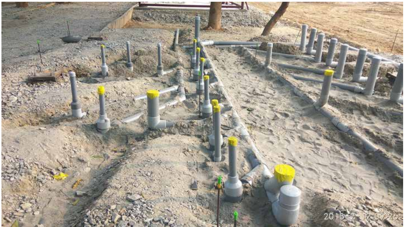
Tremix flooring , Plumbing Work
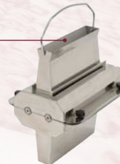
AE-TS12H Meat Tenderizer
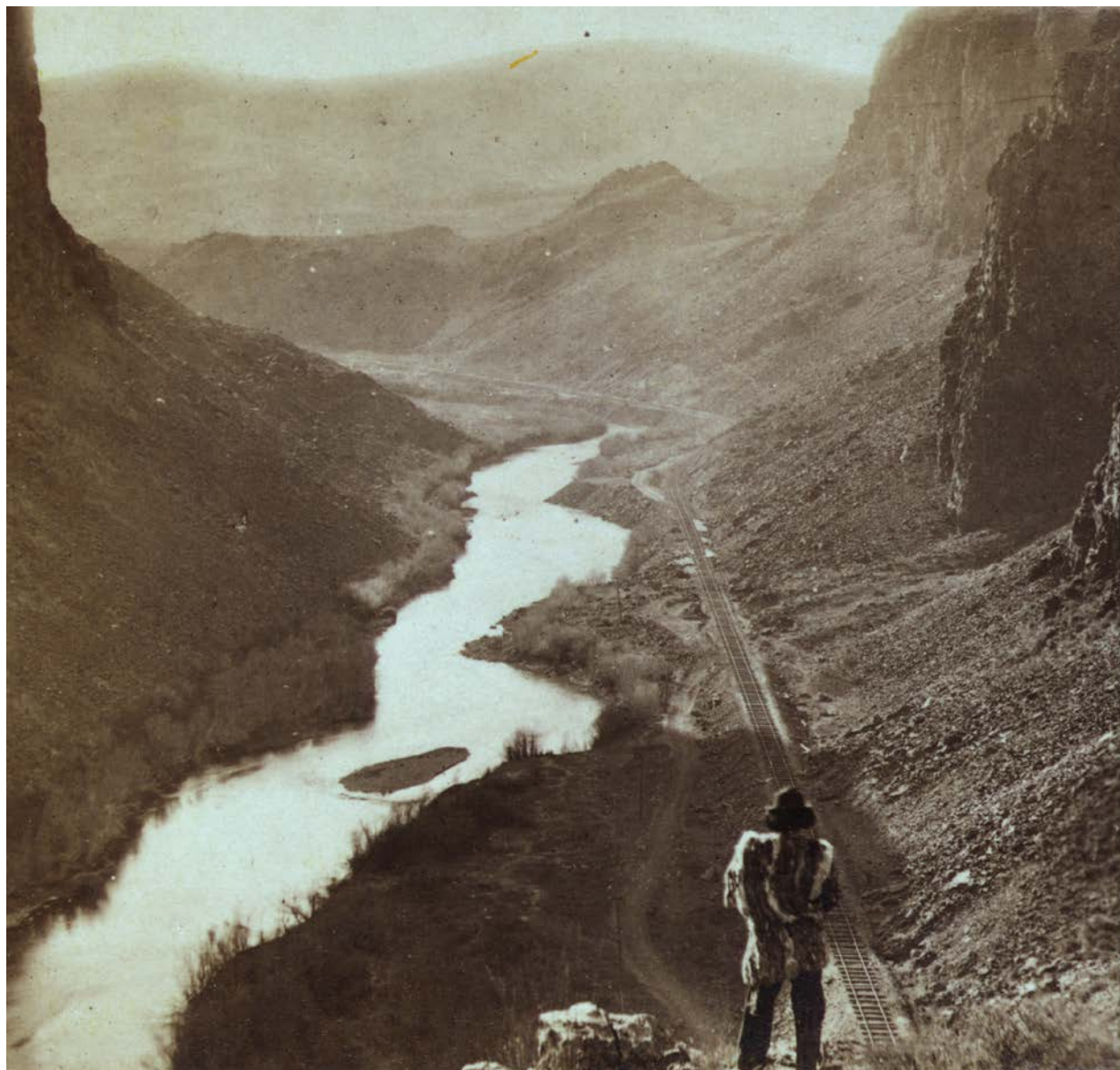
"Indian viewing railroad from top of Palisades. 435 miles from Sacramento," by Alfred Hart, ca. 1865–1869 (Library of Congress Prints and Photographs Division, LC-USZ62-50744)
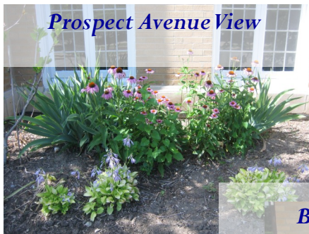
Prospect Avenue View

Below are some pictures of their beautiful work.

#####

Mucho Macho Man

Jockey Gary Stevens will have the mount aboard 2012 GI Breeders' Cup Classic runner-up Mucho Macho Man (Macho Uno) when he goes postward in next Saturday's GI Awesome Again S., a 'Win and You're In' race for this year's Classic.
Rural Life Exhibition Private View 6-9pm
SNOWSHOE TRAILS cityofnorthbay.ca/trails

#####

**Task brief:** Look above and copy only the lines from the one holding "Tremix flooring , Plumbing Work" to the one holding "Below are some", both included, exactly, minus the pictures.

**Problem solution:**
Tremix flooring , Plumbing Work
AE-TS12H Meat Tenderizer
"Indian viewing railroad from top of Palisades. 435 miles from Sacramento," by Alfred Hart, ca. 1865–1869 (Library of Congress Prints and Photographs Division, LC-USZ62-50744)
Prospect Avenue View

Below are some pictures of their beautiful work.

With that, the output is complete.